どうやら、百合子は今日は休みらしい。雪が降り出したからまた体調を崩してしまったのだろう、と思った。



「ゆっこなら、入院したっすよ」



 正弘の背に、鋼太郎の声が掛けられた。正弘は、視線を二人に戻す。

「また検査か?」

「いえ、今度は…」

 透は表情を曇らせ、言葉を濁した。

「昨日のお昼休みに、急にお腹が痛くなって、でも、様子が、普通じゃなくて。凄く、痛そうで」

「ゆっこは大丈夫だっつったんすけど、どう見ても大丈夫じゃなかったんすよ、これが。顔色なんか真っ白で、体温もすっげぇ低くて、なのに薬飲めば治るって言ってたんす。
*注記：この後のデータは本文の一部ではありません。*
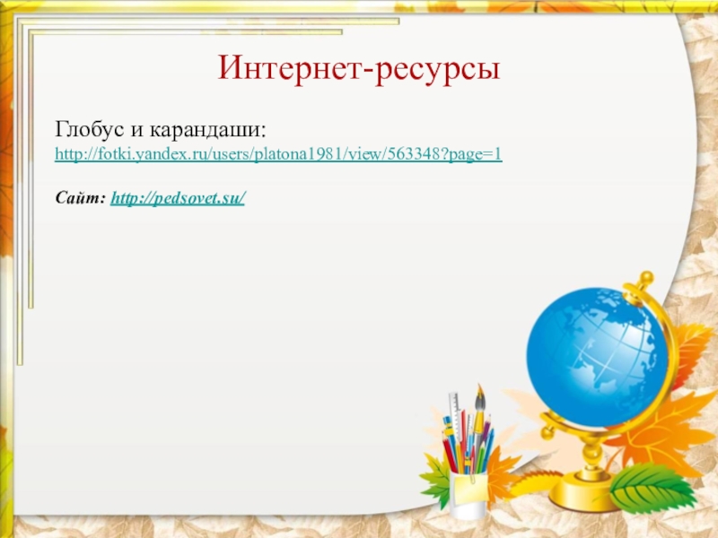 Интернет-ресурсыГлобус и карандаши: http://fotki.yandex.ru/users/platona1981/view/563348?page=1 Сайт: http://pedsovet.su/
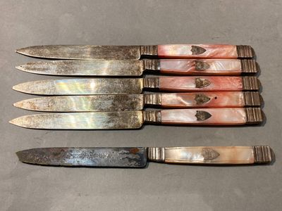 6 couteaux à manches en nacre dont 5 à lames en vermeil, ép …
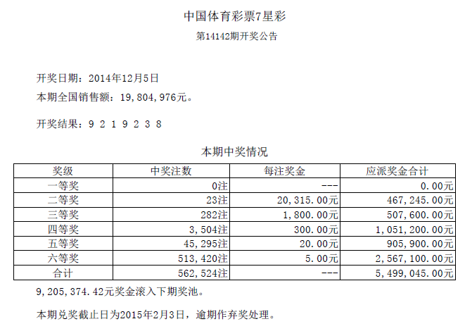 开奖公告
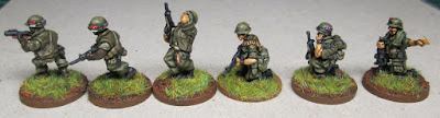 All the figures in the last eleven pictures have had the black primer treatment. I painted some other modern Germans in exactly the same colour scheme as these with a grey undercoat, but in comparison they look dull and washed out. I suppose for reality's sake, that is probably okay, but for table top miniatures, I like a bit more contrast.

で、とりあえず薬飲ませたんすけど、全然収まらなくて」

 鋼太郎のブルーのゴーグルに、正弘が映る。

「それで、どうしたんだ」

 正弘はその続きを聞きたくなかったが、聞いた。透は白い手袋を填めた左手を右手に重ね、握り締めた。

「ゆっこさんの、主治医の先生に、来て頂いて、そのまま、入院、してしまったんです」

「ゆっこは、そんなに悪いのか?」

 正弘の問いに、鋼太郎は視線を落とした。

「解らないんすよ、それが。ゆっこの奴、なんにも話してくれなくて」

「ゆっこのお母さんもなのか?」

 正弘の不安げな言葉に、透は小さく頷いた。メガネの下の目は潤んでいて、今にも泣き出してしまいそうだった。
不安が具現化し、形になっていく。先日の検査入院の際に感じた引っ掛かりが、重みを増して迫ってくる。

「何考えてんだよ、あの馬鹿は」

 鋼太郎は吐き捨てたが、悔しさが滲んでいた。正弘はすぐに病院に行きたいと思ったが、打ちのめされていた。
透もまた、無力感に苛まれていた。三人はそれぞれに、百合子がいない静けさと空虚感を、痛烈に味わっていた。
入院しただけだ、と思っても、その入院が何を意味するのか解る。長期入院の経験があるから、感付いてしまう。
 精彩さを欠いた顔色、冷え切った手、大量の薬が、百合子が何らかの重い病に冒されていることを示している。
それが何なのかすら解らないのが非常にもどかしく、空虚感を深めた。三人は、視線を合わせられなかった。
 しんしんと、雪が積もっていく。